Traffic analysis is not an exact science. NTA can be a very dynamic process and is not a direct loop. It is greatly influenced by what we are looking for (network errors vs. malicious actions) and where we have visibility into our network. Performing traffic analysis can distill down to a few basic tenants.

NTA Workflow

1. Ingest Traffic

Once we have decided on our placement, begin capturing traffic. Utilize capture filters if we already have an idea of what we are looking for.

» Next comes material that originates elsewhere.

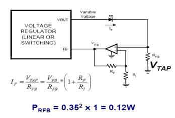 考慮運算放大器本身的功耗,RFB及其附屬電路的功耗大約為1WLED功率的12%。這樣就能在確保LED獲得恒流供電的同時,將RFB的功耗降低到可以接受的水平,從而使LED兩端的電壓盡可能大,流經的電流也盡可能大。國家半導體按照這個原理工作的穩壓器有LM2736和LM2734。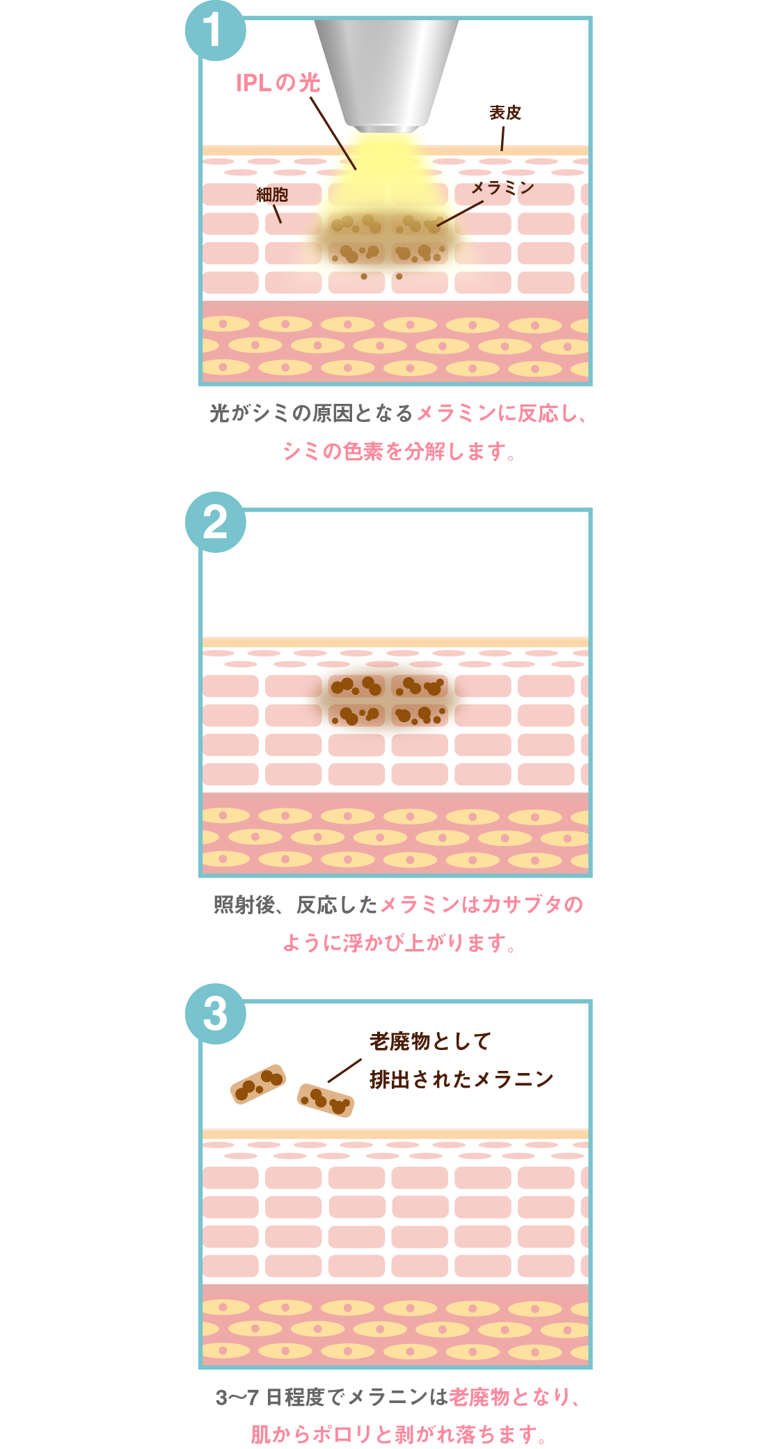 IPLの光エネルギーがメラニン色素に反応し、色素を分解・排出へと導くことで、顔全体のシミやそばかすを少しずつ薄くしていきます。

2. Reduce Noise by Filtering

Capturing traffic of a link, especially one in a production environment, can be extremely noisy. Once we complete the initial capture, an attempt to filter out unnecessary traffic from our view can make analysis easier. (Broadcast and Multicast traffic, for example.)

3. Analyze and Explore

Now is the time to start carving out data pertinent to the issue we are chasing down. Look at specific hosts, protocols, even things as specific as flags set in the TCP header. The following questions will help us:

  • Is the traffic encrypted or plain text? Should it be?
  • Can we see users attempting to access resources to which they should not have access?
  • Are different hosts talking to each other that typically do not?

4. Detect and Alert

  • Are we seeing any errors? Is a device not responding that should be?
  • Use our analysis to decide if what we see is benign or potentially malicious.
  • Other tools like IDS and IPS can come in handy at this point. They can run heuristics and signatures against the traffic to determine if anything within is potentially malicious.

5. Fix and Monitor

Fix and monitor is not a part of the loop but should be included in any workflow we perform. If we make a change or fix an issue, we should continue to monitor the source for a time to determine if the issue has been resolved.